We have examined: (i) the Registration Statement; (ii) the Company’s Certificate of Incorporation, as amended to date; (iii) the Company’s Amended and Restated By-Laws; (iv) the Plan; and (v) the corporate proceedings relating to the registration of the Shares pursuant to the Plan.
In addition to the examination outlined above, we have conferred with various officers of the Company and have ascertained or verified, to our satisfaction, such additional facts as we deemed necessary or appropriate for the purposes of this opinion. In our examination, we have assumed the authenticity of all documents submitted to us as originals, the conformity to the original documents of all documents submitted to us as copies, the genuineness of all signatures on documents reviewed by us and the legal capacity of natural persons.
Based on the foregoing, we are of the opinion that the Shares that constitute original issuance shares will be validly issued, fully paid and nonassessable by the Company when the issuance of such Shares has been duly and validly approved by the board of directors of the Company and such Shares have been delivered in accordance with the Plan.
We do not express any opinion herein concerning any law other than the New York Business Corporation Law.

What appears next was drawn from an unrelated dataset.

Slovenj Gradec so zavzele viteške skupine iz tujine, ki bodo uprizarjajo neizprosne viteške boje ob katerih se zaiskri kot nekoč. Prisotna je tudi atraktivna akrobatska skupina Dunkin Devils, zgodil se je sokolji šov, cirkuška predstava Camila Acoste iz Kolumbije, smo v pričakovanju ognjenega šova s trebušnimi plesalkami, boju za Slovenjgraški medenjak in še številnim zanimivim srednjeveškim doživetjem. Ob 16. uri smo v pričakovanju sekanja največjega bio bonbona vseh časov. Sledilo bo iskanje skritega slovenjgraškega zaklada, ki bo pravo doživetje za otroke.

We consent to the filing of this opinion as an exhibit to the Registration Statement and we consent to the use of our name wherever it appears in the Registration Statement. In giving this consent, we do not hereby admit that we come within the category of persons whose consent is required under Section 7 of the Securities Act of 1933, as amended, or the rules and regulations of the Securities and Exchange Commission thereunder.